The sun shuffles its westerly way and another day departs.
Yet Holy Saturday is what puts the "and" into "cross and resurrection". Without this day of rest, this day of regret and grief, then the story would jump straight from death to new life in a way that may confuse the two. Without Holy Saturday, we may be tempted to think of the resurrection as the secret meaning of the cross, of death being but a door to a better life, of the purpose of life being escape from this vale of tears, of the soul as trapped by the body's prison. We may leap directly from Calvary to the burning hearts within the disciples and conclude that the resurrection is a metaphor for their inner renewal in the face of death, a new liveliness of fellowship and encouragement as they remember the one whose presence and words had touched them so deeply and wonder at the mysterious fact that his death did not erased their appreciation of him after all. Or we may surmise that the departing spirit of Christ took with him the relevance of the man Jesus, left behind his body and earthly identity as a mere cypher, the abandoned vessel through which the divine Logos had communicated with humanity. Without Holy Saturday, Christianity threatens to become some version of Gnosticism.

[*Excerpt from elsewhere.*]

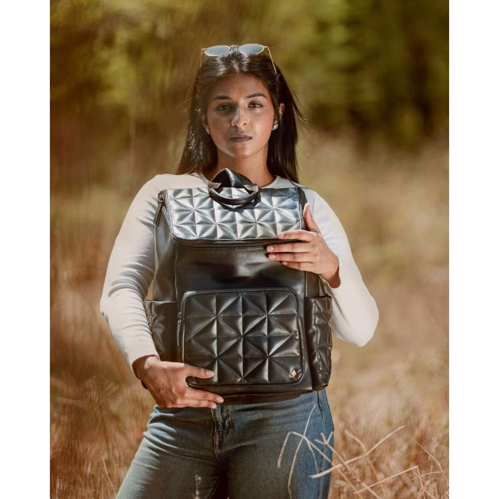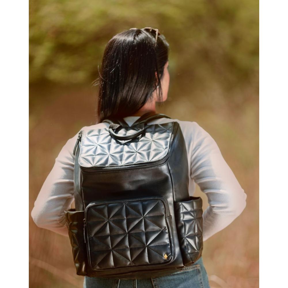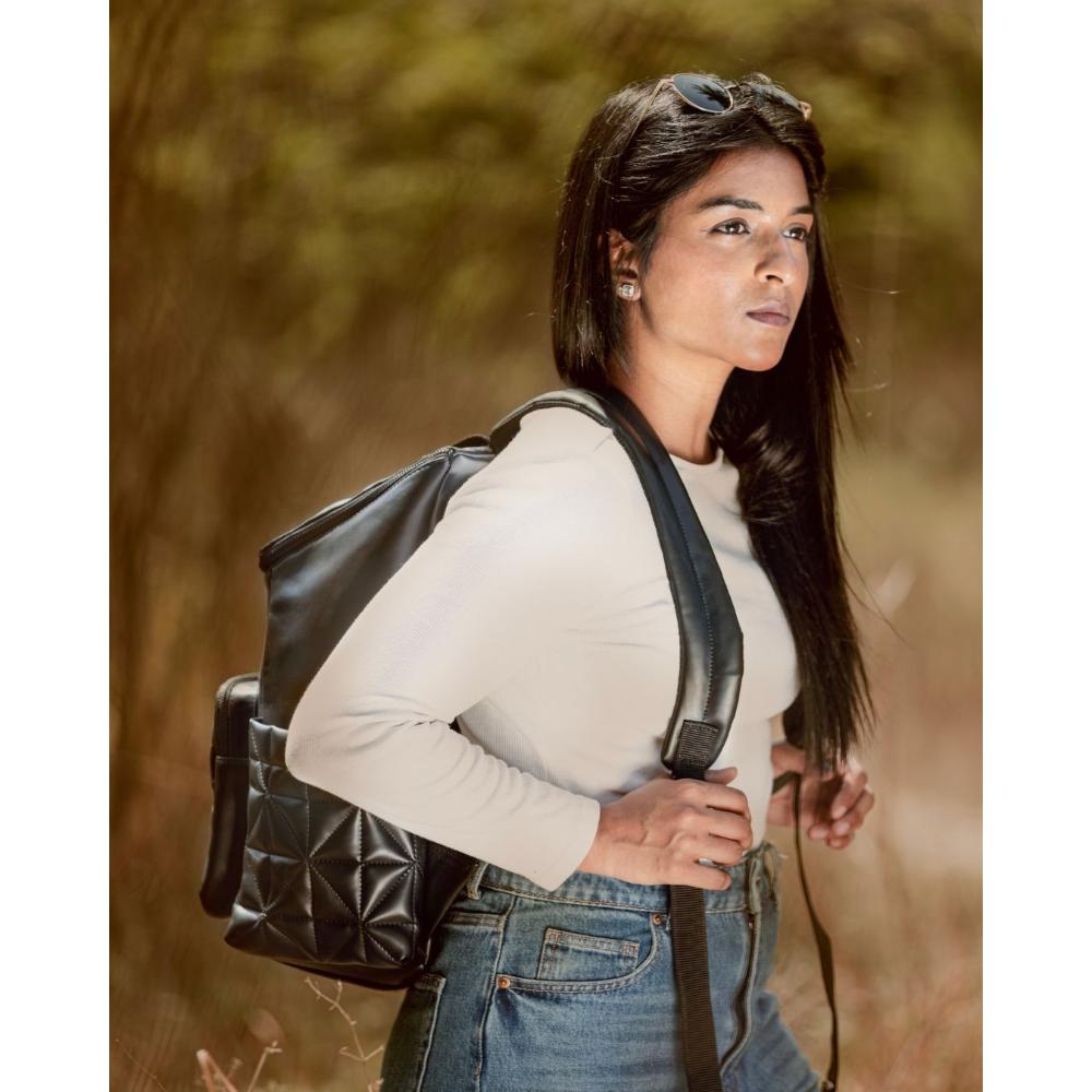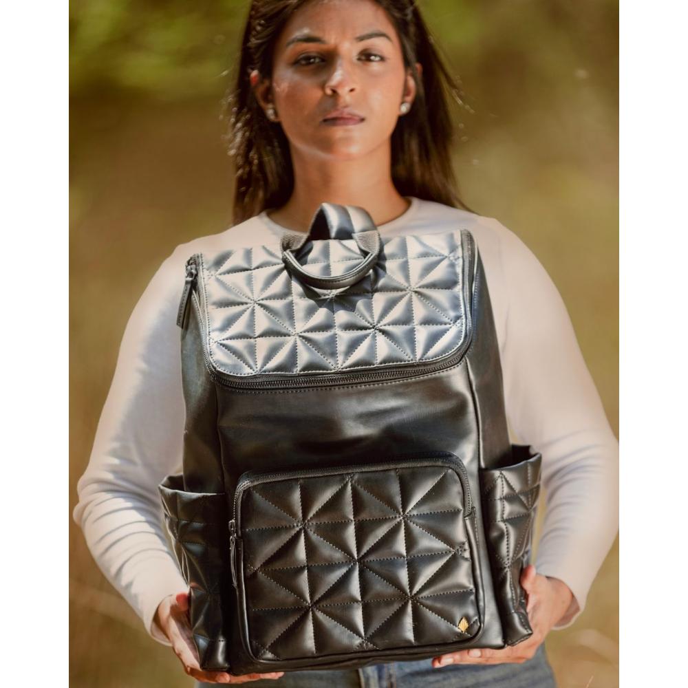 Quilted Black Vegan Leather Bagpack Artisanal Design brings a quilted into your life, inviting admiration and everyday delight. Enjoy its black hue and bagpack silhouette crafted with care.

But Holy Saturday is good news. Its very gloom is an assurance that despair need not be reconciled with decay, that death need not be interpreted as a secret friend, that perseverance is not futile stubbornness but has instead grasped hold of one of the deepest and strongest threads in existence: the faithfulness of God to his creation. It is a dark and dreary day, not to be prematurely disturbed by rumours of an as yet incomplete renewal.
So do not banish the doom from this day, for it is what holds open the space between cross and resurrection, gives the momentary pause that lets us distinguish the two, a holy hiatus in which despair is at home and hope impossible.
Only on a Holy Saturday can the God of impossible possibilities be properly worshipped.